About this exercise:
Using the entries that follow, establish how many lines contain the word "free" and give only that figure.

The records:

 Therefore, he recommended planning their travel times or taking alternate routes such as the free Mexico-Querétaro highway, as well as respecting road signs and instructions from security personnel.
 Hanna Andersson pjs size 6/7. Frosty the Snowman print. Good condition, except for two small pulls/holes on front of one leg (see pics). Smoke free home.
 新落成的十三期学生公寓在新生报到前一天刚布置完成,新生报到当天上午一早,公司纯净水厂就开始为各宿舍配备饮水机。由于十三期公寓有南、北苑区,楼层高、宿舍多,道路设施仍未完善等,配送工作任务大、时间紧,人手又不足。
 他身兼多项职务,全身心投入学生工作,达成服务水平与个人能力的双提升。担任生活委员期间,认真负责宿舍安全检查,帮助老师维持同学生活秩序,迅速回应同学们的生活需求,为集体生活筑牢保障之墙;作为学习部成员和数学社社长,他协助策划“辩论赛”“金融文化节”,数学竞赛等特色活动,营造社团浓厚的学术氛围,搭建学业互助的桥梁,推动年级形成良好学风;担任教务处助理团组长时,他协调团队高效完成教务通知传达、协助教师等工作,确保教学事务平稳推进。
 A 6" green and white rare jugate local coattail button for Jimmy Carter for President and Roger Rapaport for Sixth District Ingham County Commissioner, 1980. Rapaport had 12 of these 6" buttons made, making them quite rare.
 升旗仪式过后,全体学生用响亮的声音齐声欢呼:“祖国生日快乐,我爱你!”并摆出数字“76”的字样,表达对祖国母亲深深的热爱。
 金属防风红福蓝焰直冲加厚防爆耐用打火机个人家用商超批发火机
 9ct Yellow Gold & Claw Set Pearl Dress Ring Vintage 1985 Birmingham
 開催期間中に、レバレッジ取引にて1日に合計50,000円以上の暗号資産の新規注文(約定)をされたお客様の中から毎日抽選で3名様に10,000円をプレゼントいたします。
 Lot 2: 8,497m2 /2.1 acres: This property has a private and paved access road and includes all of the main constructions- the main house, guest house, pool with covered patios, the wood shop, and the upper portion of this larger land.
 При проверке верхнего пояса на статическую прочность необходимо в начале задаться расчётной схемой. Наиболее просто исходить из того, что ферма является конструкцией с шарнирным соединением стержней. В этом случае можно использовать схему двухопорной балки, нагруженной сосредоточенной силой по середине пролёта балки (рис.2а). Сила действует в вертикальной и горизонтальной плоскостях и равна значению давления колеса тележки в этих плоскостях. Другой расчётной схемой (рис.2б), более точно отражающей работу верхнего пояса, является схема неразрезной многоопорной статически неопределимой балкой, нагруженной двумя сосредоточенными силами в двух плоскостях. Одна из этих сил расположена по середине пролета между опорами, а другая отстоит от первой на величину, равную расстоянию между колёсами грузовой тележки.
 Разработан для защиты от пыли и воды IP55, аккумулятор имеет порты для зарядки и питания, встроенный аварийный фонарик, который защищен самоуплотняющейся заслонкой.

Answer below:
2